Мать и дочь сидели в тускло-зеленом «форде» 1929 года выпуска и разглядывали барочный особняк величайшей звезды немого кино, Рудольфа Валентино. И им не хотелось уезжать отсюда никогда.

8

И Глэдис, и Норма Джин оделись на похороны с величайшим тщанием и вкусом. Хотя кто бы заметил их в почти семитысячной толпе «скорбящих», собравшейся на бульваре Уилшир возле синагоги.

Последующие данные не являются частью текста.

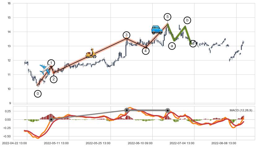➣ 波浪理论:猜想达到c点后小回调终止反转上涨 → 上涨 → 【拐点】临近 → 阶段均值回复结束后继续大周期趋势跟踪
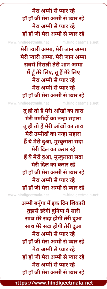 Lyrics of Mera Ami Se Pyar Rahe - मेरा अम्मी से प्यार रहे
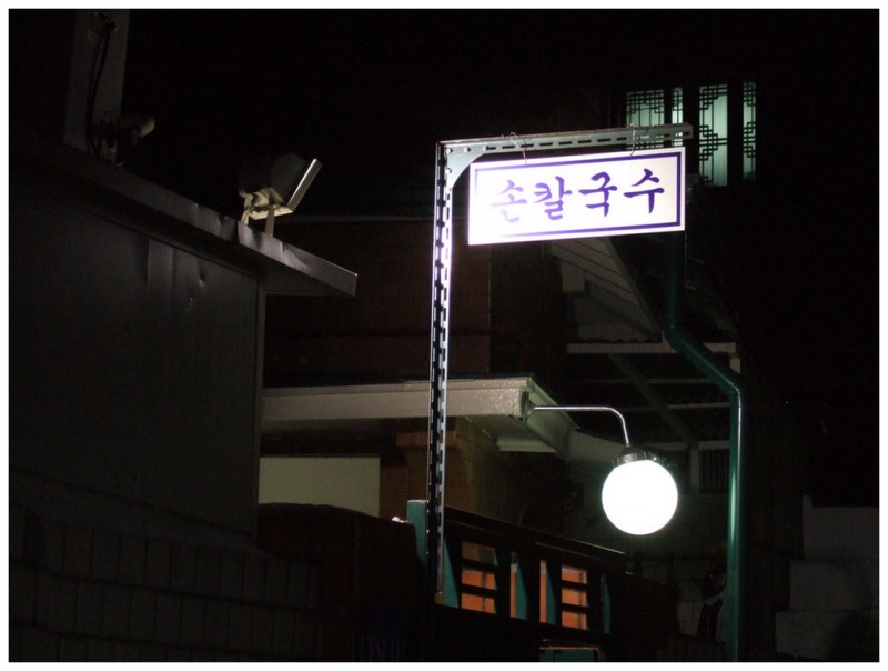 옛 정취가 묻어나는 혜화동 골목길, 조그만 형광등 간판 ‘손칼국수’가 정겹다.

Синагога была «еврейской церковью», так объяснила Норме Джин Глэдис.

А евреи – это «те же христиане», только куда более древняя, мудрая, трагическая раса. Христиане были первопроходцами западных земель – в буквальном смысле; евреи же стали пионерами киноиндустрии и стояли у истоков кинореволюции.

Норма Джин спросила:

– А мы с тобой можем стать евреями, мама?

Глэдис хотела ответить отрицательно, потом передумала, рассмеялась и сказала:

– Это только в том случае, если б они того захотели. Если б сочли нас достойными. Если б мы могли родиться заново.

Глэдис, уже несколько дней твердившая, что знала мистера Тальберга – «ну, может, не близко, но всегда восхищалась его продюсерским талантом», – выглядела просто сногсшибательно. На ней было черное платье из крепа в стиле двадцатых. Платье с заниженной талией, шуршащей многослойной юбкой до середины икры и с искусно исполненным черным кружевным воротником. Еще на ней была черная шляпка-колокол с черной вуалью, которая то вздымалась, то опускалась, то вздымалась, то опускалась в унисон с теплым и учащенным ее дыханием. И перчатки на ней были новенькие – черные атласные перчатки до локтя. А на ногах – дымчатые чулки и черные кожаные туфли на высоком каблуке. Лицо под бледно-восковым слоем макияжа походило на лицо манекена, веки, брови, губы подведены так, что бросаются в глаза, – в вышедшем из моды стиле Полы Негри. Духи она выбрала резкие, сладкие, и пахли они, как подгнившие апельсины в холодильнике Глэдис, где всегда не хватало льда. А в ушах при каждом повороте головы блистали серьги – то ли бриллиантовые, то ли из горного хрусталя, то ли из искусно ограненного стекла.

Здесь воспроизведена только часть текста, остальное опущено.